YOUR ASSIGNMENT: Set out word for word the line that contains "Interesantno je da" and each line after it, through the end of the data below, but exclude the pictures.

MATERIAL PROVIDED:
★ ★ ★

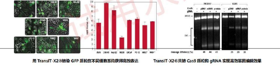 用 TransIT-X2?轉(zhuǎn)染 GFP 質(zhì)粒在不同細胞系均獲得高效表達 TransIT-X2?共轉(zhuǎn) Cas9 質(zhì)粒和 gRNA 實現(xiàn)高效基因編輯效果
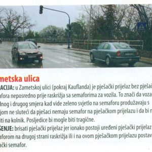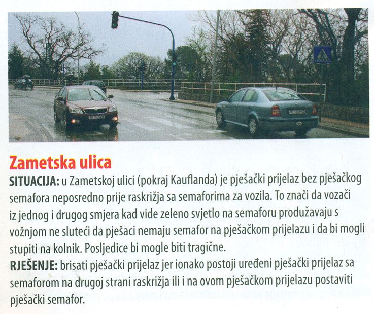 Interesantno je da se u najnovijem broju časopisa HAK-a isto to raskršće smatra opasnim za pješake i predlaže se brisanje spornog prijelaza bez semaforske regulacije, zbog mogućih tragičnih posljedica.
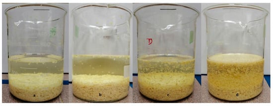 Rubber crumbs surface treatment using NaOH solution: (a) 1%, (b) 4%, (c) 7%, and (d) 10%.

★ ★ ★

EXERCISE RESPONSE:
 Interesantno je da se u najnovijem broju časopisa HAK-a isto to raskršće smatra opasnim za pješake i predlaže se brisanje spornog prijelaza bez semaforske regulacije, zbog mogućih tragičnih posljedica.
 Rubber crumbs surface treatment using NaOH solution: (a) 1%, (b) 4%, (c) 7%, and (d) 10%.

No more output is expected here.